» **Given information**:

================

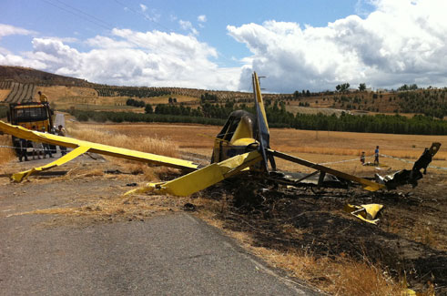 Tras el accidente, se ha producido un incendio ya extinguido por un operativo del Infoca movilizado tras la caída de su avioneta que ha resultado calcinada casi íntegramente.
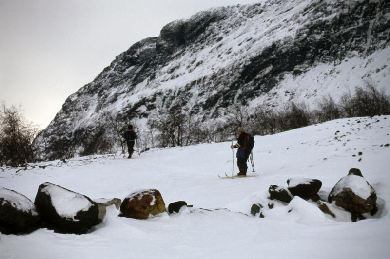 skog, ripjakt, fjäll, snö, vinter, björk, skidåkning, sten, vapen, gevär, tjuojgge, vuobme, soahke, birsso, giergge, várre, dálvve
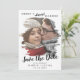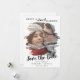 This brushed merry and almost married save the date holiday card is the perfect simple holiday greeting for an engaged couple. The unique and artistic design features your photo in watercolor painted brush strokes with modern calligraphy in black and white. Personalise the card with your engagement photo, names, wedding date.
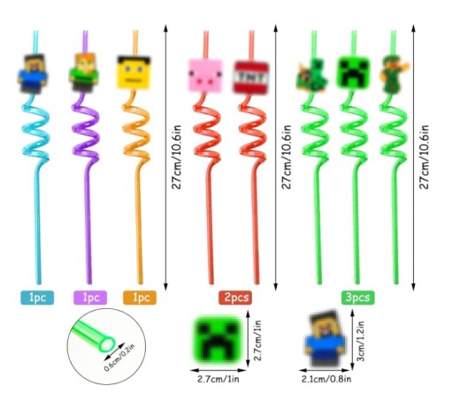 ПЛАСТИКОВЫЕ КУРИВНЫЕ СОЛОМОЧКИ ДЛЯ ДНЯ РОЖДЕНИЯ 8 ШТ MINECRAFT

================

» **Problem requirements**: Write out the data precisely as given, excluding the pictures.

» **Task result**:
 Tras el accidente, se ha producido un incendio ya extinguido por un operativo del Infoca movilizado tras la caída de su avioneta que ha resultado calcinada casi íntegramente.
 skog, ripjakt, fjäll, snö, vinter, björk, skidåkning, sten, vapen, gevär, tjuojgge, vuobme, soahke, birsso, giergge, várre, dálvve
 This brushed merry and almost married save the date holiday card is the perfect simple holiday greeting for an engaged couple. The unique and artistic design features your photo in watercolor painted brush strokes with modern calligraphy in black and white. Personalise the card with your engagement photo, names, wedding date.
 ПЛАСТИКОВЫЕ КУРИВНЫЕ СОЛОМОЧКИ ДЛЯ ДНЯ РОЖДЕНИЯ 8 ШТ MINECRAFT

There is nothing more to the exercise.